Class BinaryHashTable

  • All Implemented Interfaces:
    org.apache.flink.core.memory.MemorySegmentSource, MemorySegmentPool

    public class BinaryHashTable
    extends BaseHybridHashTable
    An implementation of a Hybrid Hash Join. The join starts operating in memory and gradually starts spilling contents to disk, when the memory is not sufficient. It does not need to know a priority how large the input will be.

    The design of this class follows in many parts the design presented in "Hash joins and hash teams in Microsoft SQL Server", by Goetz Graefe et al. In its current state, the implementation lacks features like dynamic role reversal, partition tuning, or histogram guided partitioning.

    • Constructor Detail

      • BinaryHashTable

        public BinaryHashTable​(Object owner,
                               boolean compressionEnabled,
                               int compressionBlockSize,
                               AbstractRowDataSerializer buildSideSerializer,
                               AbstractRowDataSerializer probeSideSerializer,
                               Projection<org.apache.flink.table.data.RowData,​org.apache.flink.table.data.binary.BinaryRowData> buildSideProjection,
                               Projection<org.apache.flink.table.data.RowData,​org.apache.flink.table.data.binary.BinaryRowData> probeSideProjection,
                               org.apache.flink.runtime.memory.MemoryManager memManager,
                               long reservedMemorySize,
                               org.apache.flink.runtime.io.disk.iomanager.IOManager ioManager,
                               int avgRecordLen,
                               long buildRowCount,
                               boolean useBloomFilters,
                               HashJoinType type,
                               JoinCondition condFunc,
                               boolean reverseJoin,
                               boolean[] filterNulls,
                               boolean tryDistinctBuildRow)
    • Method Detail

      • putBuildRow

        public void putBuildRow​(org.apache.flink.table.data.RowData row)
                         throws IOException
        Put a build side row to hash table.
        Throws:
        IOException
      • tryProbe

        public boolean tryProbe​(org.apache.flink.table.data.RowData record)
                         throws IOException
        Find matched build side rows for a probe row.
        Returns:
        return false if the target partition has spilled, we will spill this probe row too. The row will be re-match in rebuild phase.
        Throws:
        IOException
      • nextMatching

        public boolean nextMatching()
                             throws IOException
        Next record from rebuilt spilled partition or build side outer partition.
        Throws:
        IOException
      • getCurrentProbeRow

        public org.apache.flink.table.data.RowData getCurrentProbeRow()
      • getBuildSideIterator

        public RowIterator<org.apache.flink.table.data.binary.BinaryRowData> getBuildSideIterator()
      • clearPartitions

        public void clearPartitions()
        This method clears all partitions currently residing (partially) in memory.
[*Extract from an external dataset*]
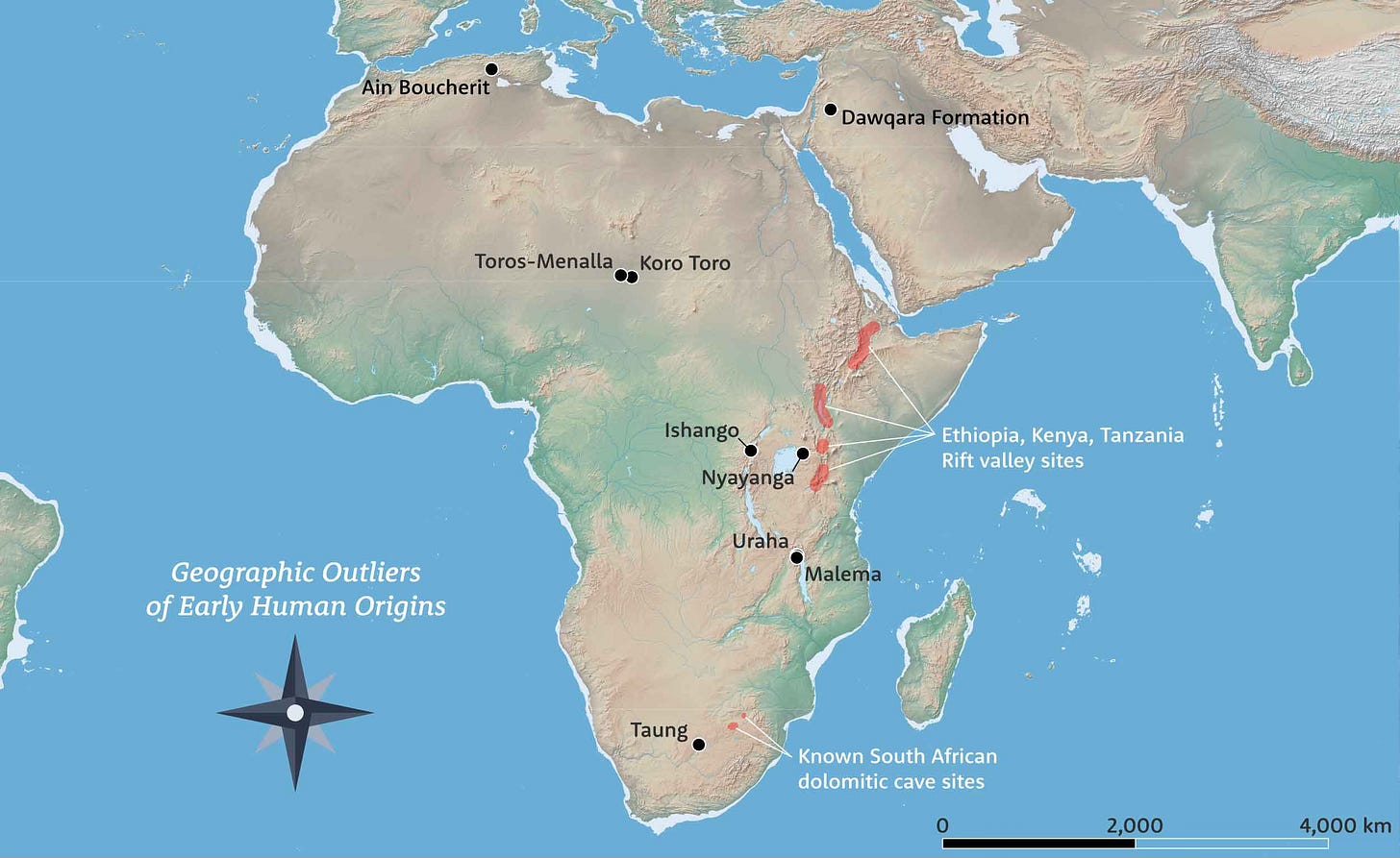 Every textbook discusses the reasons why these two areas have yielded so many fossil discoveries. The downward ratcheting of Earth’s crust within the East African Rift System has given rise to rivers and large lakes, preserving fossils within sedimentary layers and later yielding them up to erosion. The dolomitic caves of South Africa were habitats for ancient hominins and predators, keeping their bones like time capsules across millions of years. Still, these geological circumstances are not unique. Many other parts of Africa have favorable situations for the formation of fossil and archaeological sites.

It releases all memory and deletes all spilled partitions.

        This method is intended for a hard cleanup in the case that the join is aborted.

        Specified by:
        clearPartitions in class BaseHybridHashTable
      • spillPartition

        protected int spillPartition()
                              throws IOException
        Selects a partition and spills it. The number of the spilled partition is returned.
        Specified by:
        spillPartition in class BaseHybridHashTable
        Returns:
        The number of the spilled partition.
        Throws:
        IOException